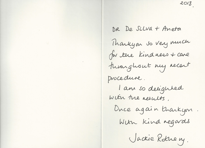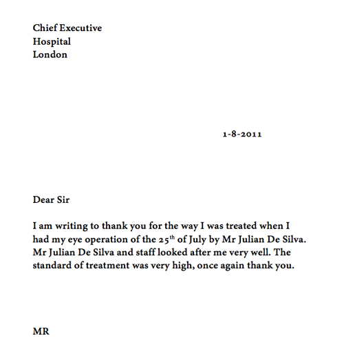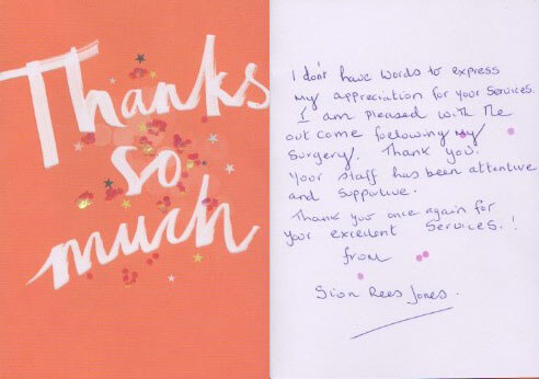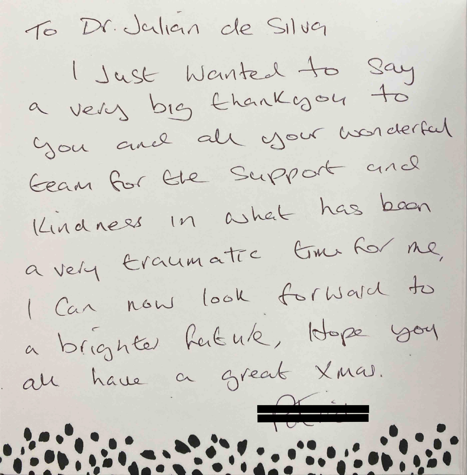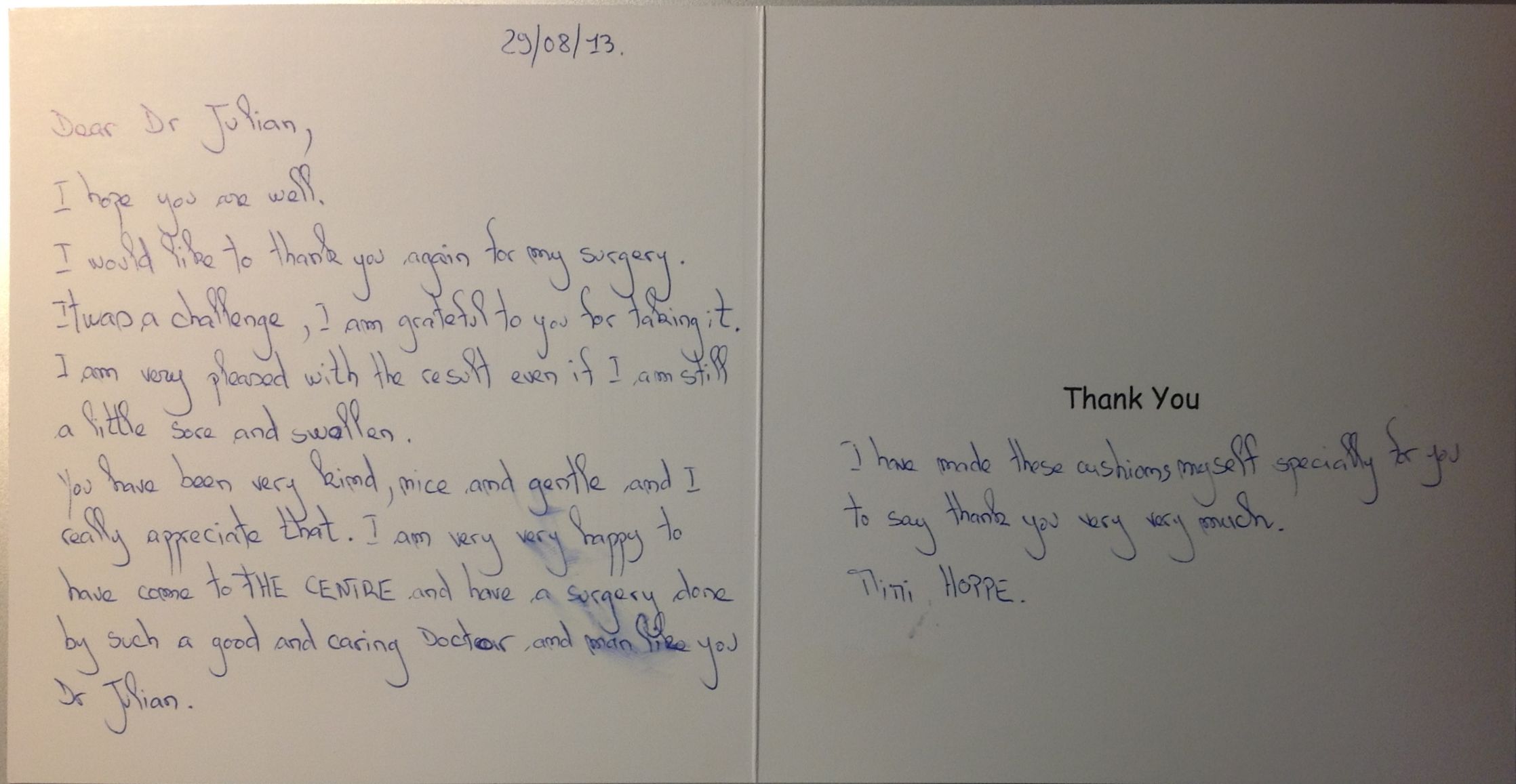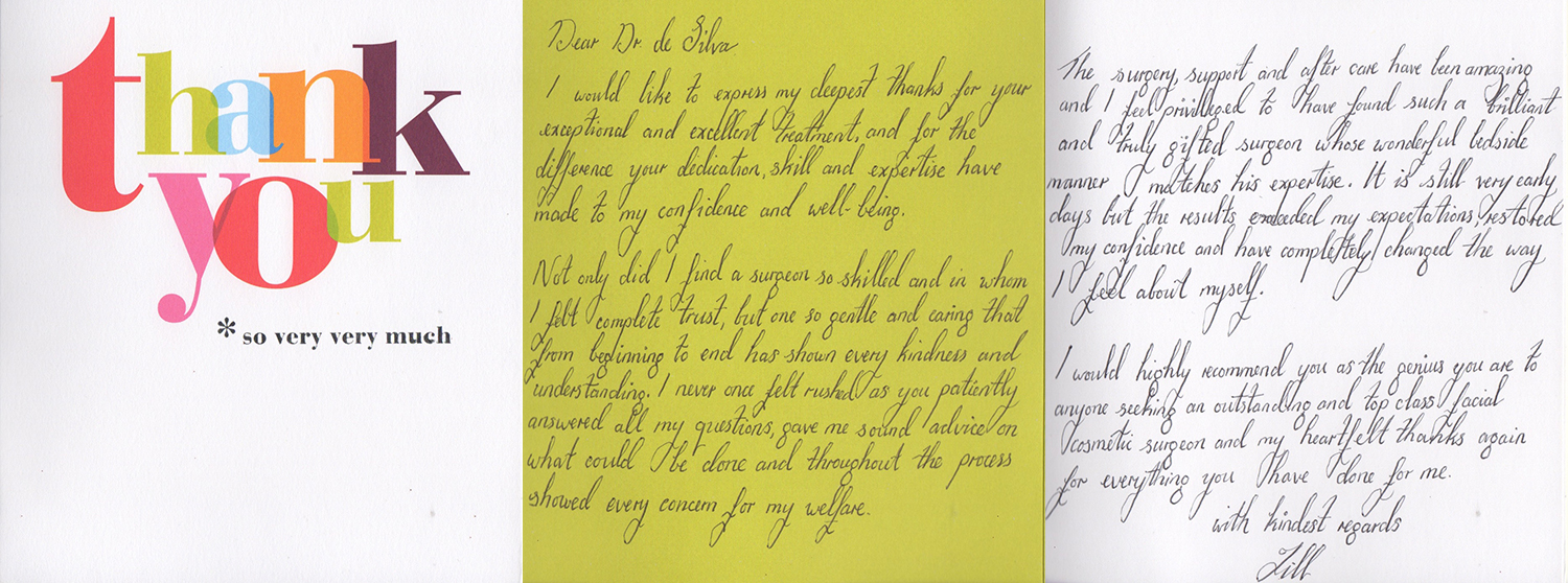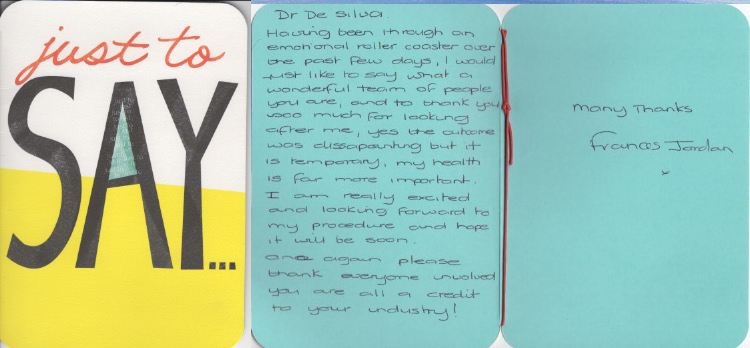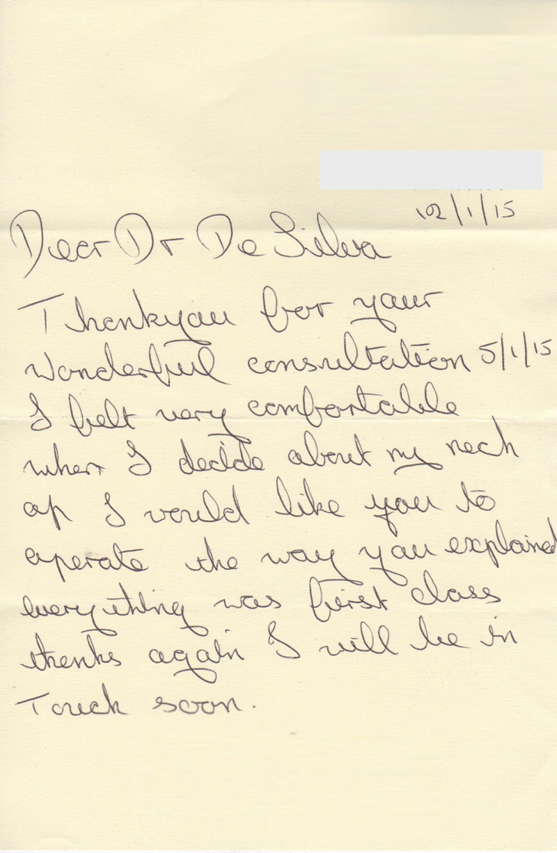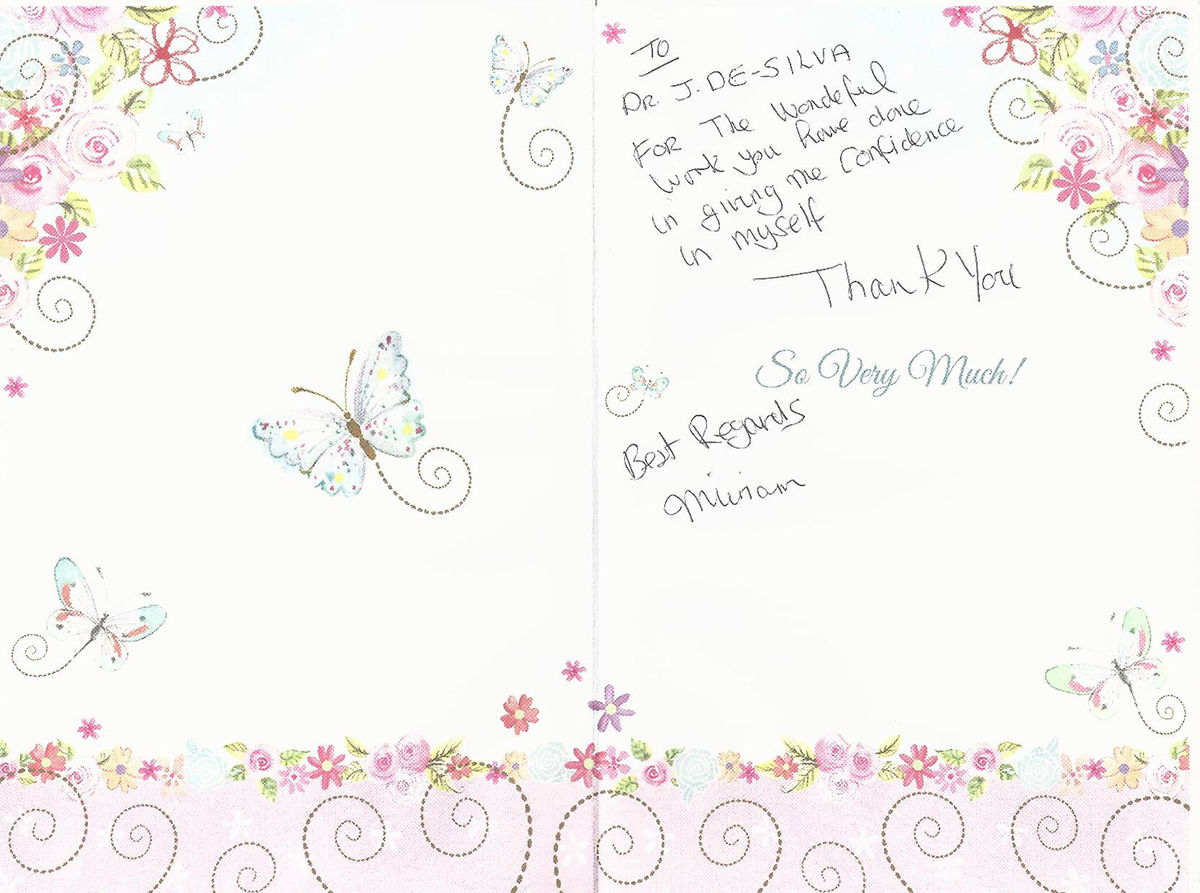 “I am writing to thank you for the way I was treated when I had my eye operation on the 25th July by Mr. Julian de Silva. He and his staff looked after me very well. The standard of treatment was very high, once again than you.”
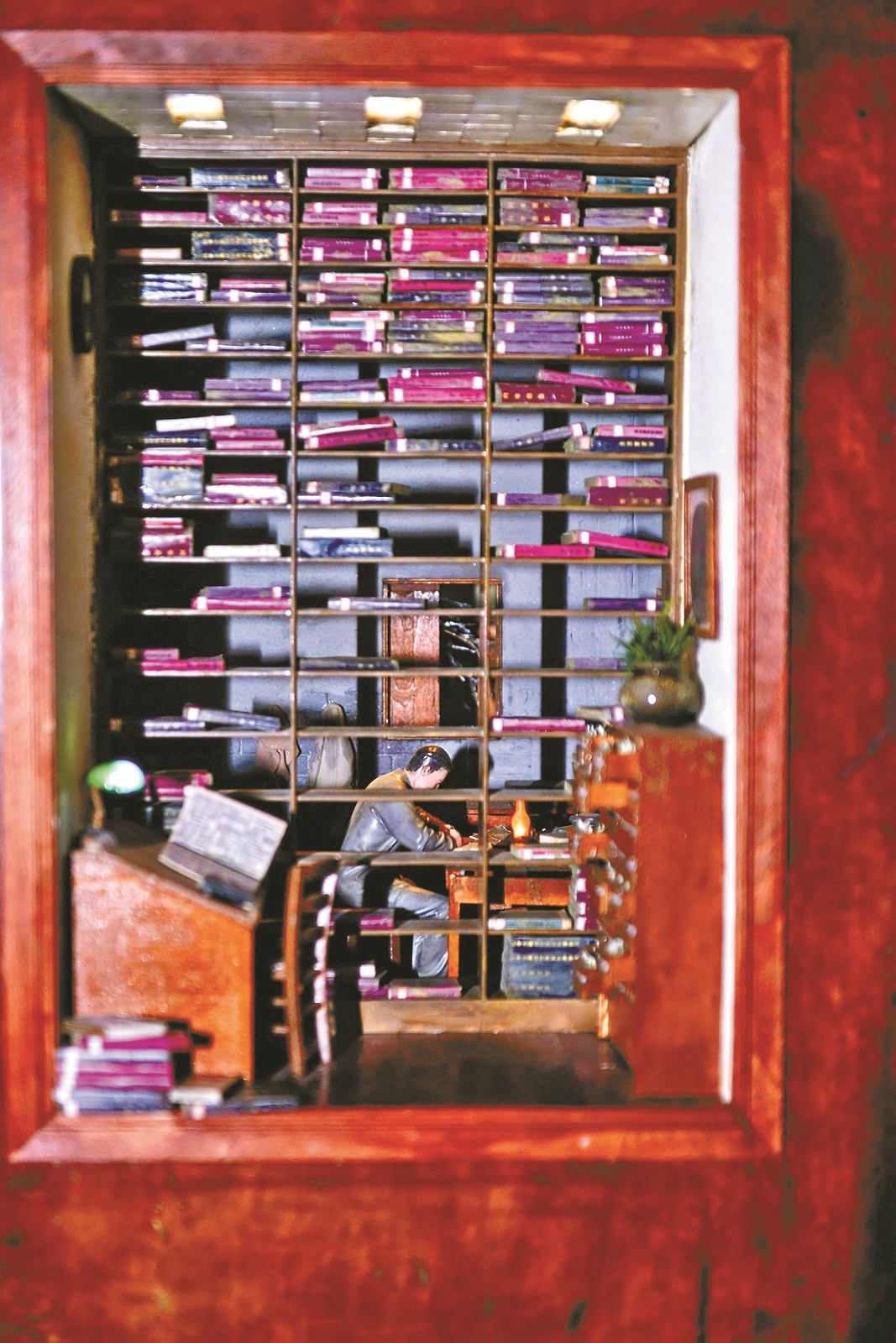 这是12月21日开幕的 “从‘小家’到‘大国’——党章守护者微缩场景模型展”的寻常一幕,却蕴含着不寻常的匠心。中国美术学院师生以12件手提箱装置与24幅AI重构图像,将一段厚重历史凝练于53平方米的空间里。
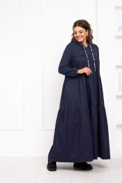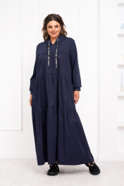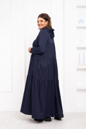 Молодежное платье свободного силуэта, выполнено из двух видов ткани, кокетки, рукава, капюшон - из трикотажа. По переду и спинке три оборки. Рукав втачной, длинный, заканчивается манжетой. Отделкой служат люверсы и шнур. Длина спинки - 142 см, длина рукава - 61см. 50 размер: ОГ -108 см. 52 размер: ОГ -112 см. 54 размер:ОГ -116 см.
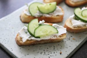 7. Besmeer de bruschetta’s met het roommengsel, beleg met wat plakjes komkommer en verdeel wat zalm erover.

### [Assigned task]
Would you repeat the listing above exactly, minus the images?

### [Response to this task]
 “I am writing to thank you for the way I was treated when I had my eye operation on the 25th July by Mr. Julian de Silva. He and his staff looked after me very well. The standard of treatment was very high, once again than you.”
 这是12月21日开幕的 “从‘小家’到‘大国’——党章守护者微缩场景模型展”的寻常一幕,却蕴含着不寻常的匠心。中国美术学院师生以12件手提箱装置与24幅AI重构图像,将一段厚重历史凝练于53平方米的空间里。
 Молодежное платье свободного силуэта, выполнено из двух видов ткани, кокетки, рукава, капюшон - из трикотажа. По переду и спинке три оборки. Рукав втачной, длинный, заканчивается манжетой. Отделкой служат люверсы и шнур. Длина спинки - 142 см, длина рукава - 61см. 50 размер: ОГ -108 см. 52 размер: ОГ -112 см. 54 размер:ОГ -116 см.
 7. Besmeer de bruschetta’s met het roommengsel, beleg met wat plakjes komkommer en verdeel wat zalm erover.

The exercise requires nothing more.